If a pair of regular dice are tossed once use the expectation formula to determine the expected sum of the numbers on the upward faces of the two dice.
To find the expected sum of the numbers on the upward faces of the two dice, we need to first determine the possible outcomes and their respective probabilities.
When tossing two regular dice, each die has six possible outcomes: 1, 2, 3, 4, 5, or 6. Therefore, there are a total of 6 * 6 = 36 possible outcomes when tossing two dice.
To calculate the probability of each outcome, we can use the fact that the dice are regular, and thus, each outcome is equally likely.
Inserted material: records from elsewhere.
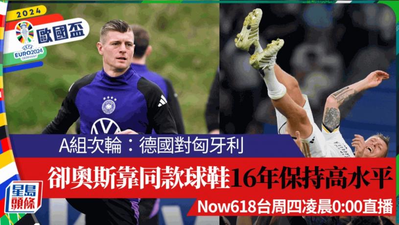 今屆歐洲國家盃復出領軍德國中場的卻奧斯,於揭幕戰5:1大炒蘇格蘭以99%的傳球成功率打破賽事紀錄。這名34歲的老將場上出色的表現背後,原來有賴穿著了長達16年的adidas pure11 Pro球鞋,近年球鞋停產製造商亦專門為他製造。 今晚德國於A組次輪對匈牙利,卻奧斯又會穿上這款專有球鞋,率領日耳曼軍進襲匈牙利後防。(Now618台周四凌晨0:00直播)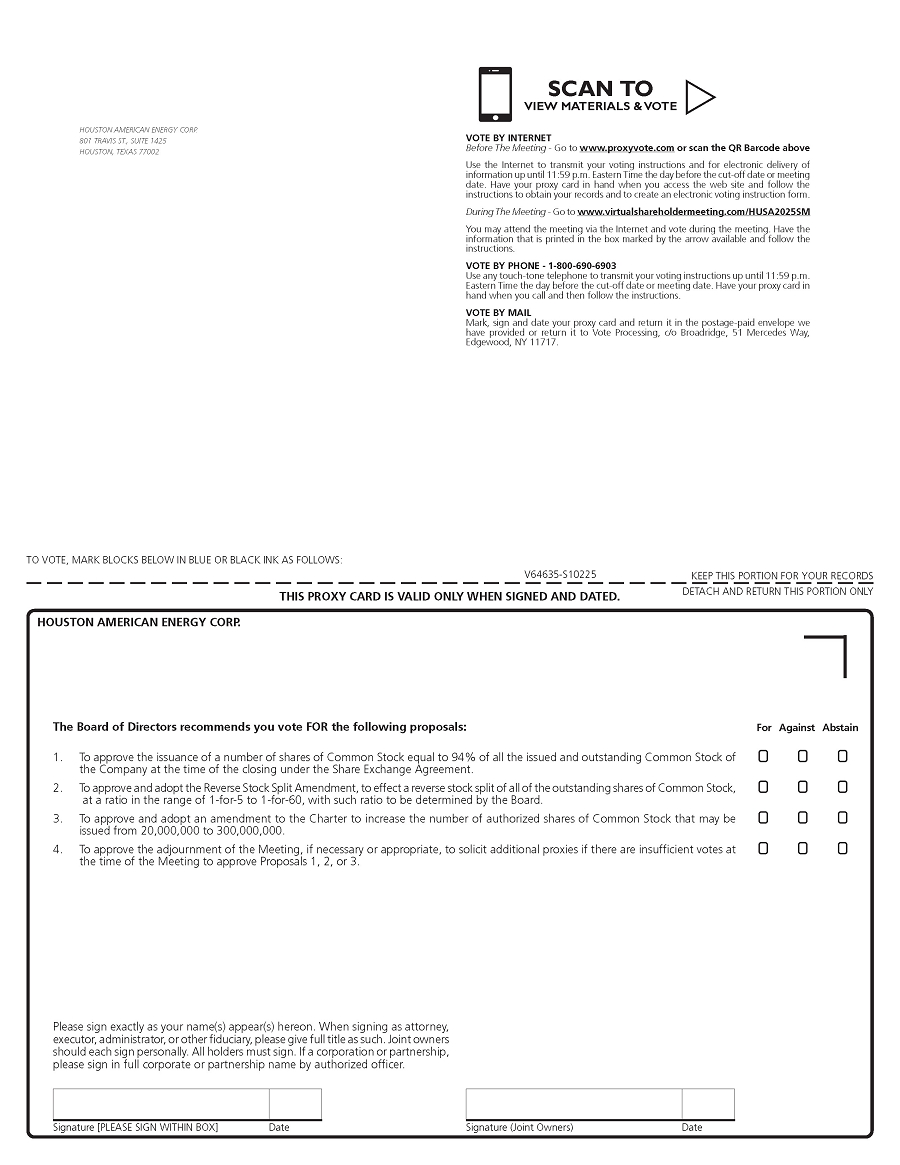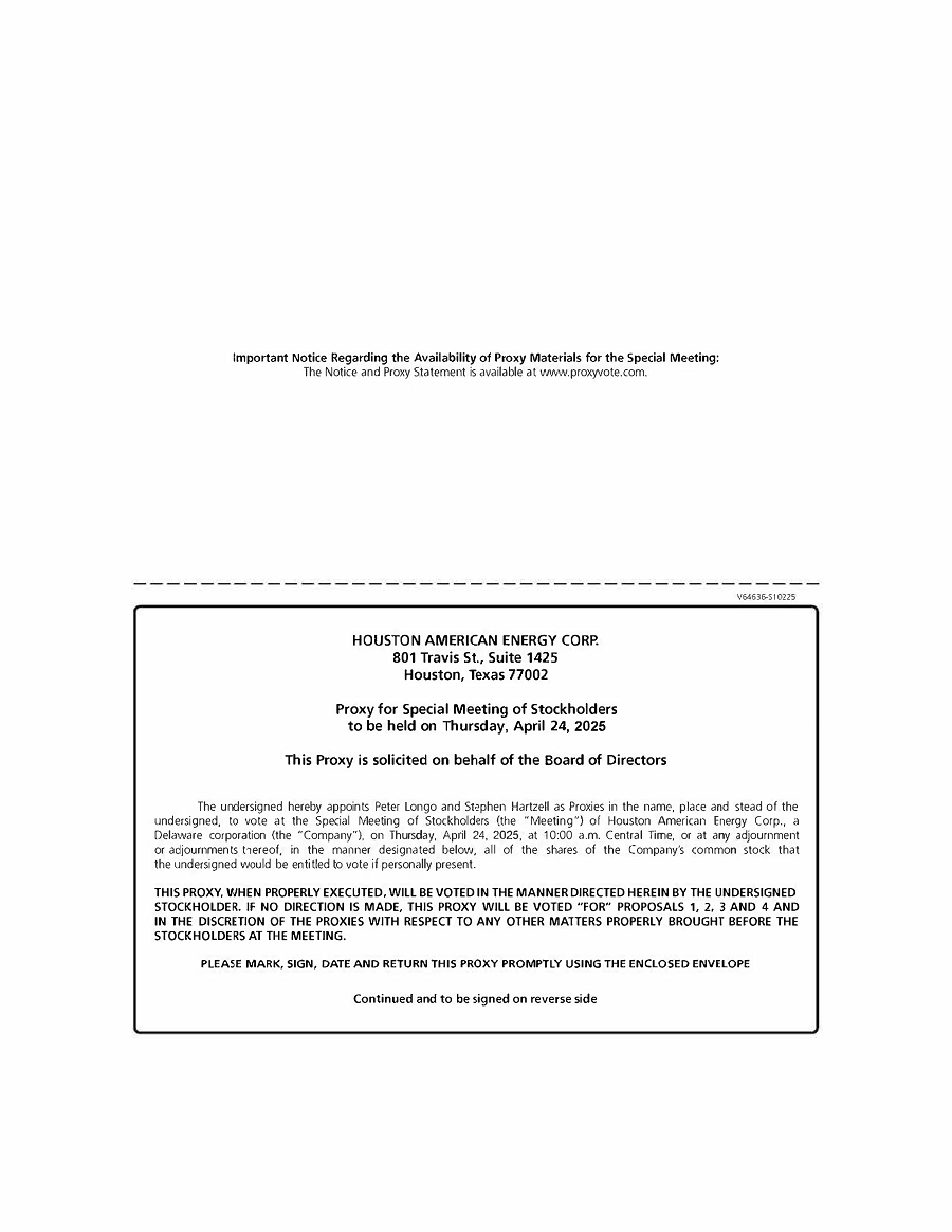 请与我们一起参加将于2025年4月24日美国中部夏令时间上午10:00以虚拟方式召开的Houston American Energy Corp.(“HUSA”或“公司”)特别股东大会(“特别会议”)。不会有实体会议地点。虚拟会议网址为www.virtualshareholdermeeting.com/HUSA2025SM。截至股权登记日的股东可通过访问会议网站并使用其代理卡或投票指示表上的控制号码登录,在线参加会议、投票或提交问题。我们鼓励您加入我们,在线参与。我们建议您在2025年4月24日美国中部夏令时间上午10点前几分钟登录,以确保您在特别会议开始时登录。你将不能亲自出席特别会议。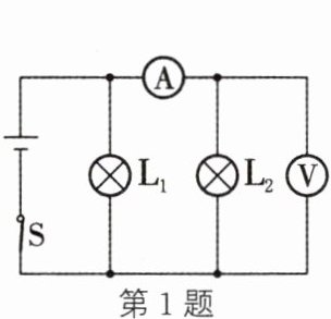 1. 在如图所示的电路中,电源电压不变。闭合开关S后,灯$L_1、$$L_2$都发光。一段时间后,其中一灯突然熄灭,而电流表、电压表的示数都不变,则产生这一现象的原因可能是(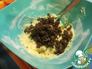 Смешать сухие ингредиенты (мука, сахар, разрыхлитель, соль) и размягчённое масло.

Therefore, the probability of each outcome is 1/36.
Now, we can calculate the expected value (E) using the expectation formula:
E = Σ(x * P(x))
where x is the value or outcome and P(x) is the probability of x.
Let's calculate the expected sum (E_sum):
E_sum = Σ(x * P(x))
E_sum = (2 * 1/36) + (3 * 2/36) + (4 * 3/36) + (5 * 4/36) + (6 * 5/36) + (7 * 6/36) + (8 * 5/36) + (9 * 4/36) + (10 * 3/36) + (11 * 2/36) + (12 * 1/36)
Simplifying the equation, we have:
E_sum = (2/36) + (6/36) + (12/36) + (20/36) + (30/36) + (42/36) + (40/36) + (36/36) + (30/36) + (22/36) + (12/36)
E_sum = 252/36
E_sum = 7
Therefore, the expected sum of the numbers on the upward faces of the two dice is 7.
To determine the expected sum of the numbers on the upward faces of two dice, we can use the expectation formula.
The expectation formula states that the expected value (E) of a random variable X is the sum of the products of each possible outcome (x) and their respective probabilities (P(x)).
In this case, the random variable X represents the sum of the numbers on the upward faces of two dice.
Step 1: Determine the possible outcomes and their probabilities:
When rolling a pair of dice, the numbers on their upward faces range from 1 to 6. The sum of the numbers on the two dice can range from 2 to 12.
The possible outcomes and their probabilities are as follows:
Sum of 2: Probability = 1/36 (There is only one way to roll a sum of 2: rolling a 1 on both dice.)
Sum of 3: Probability = 2/36 (There are two ways to roll a sum of 3: rolling a 1 and a 2, or rolling a 2 and a 1.)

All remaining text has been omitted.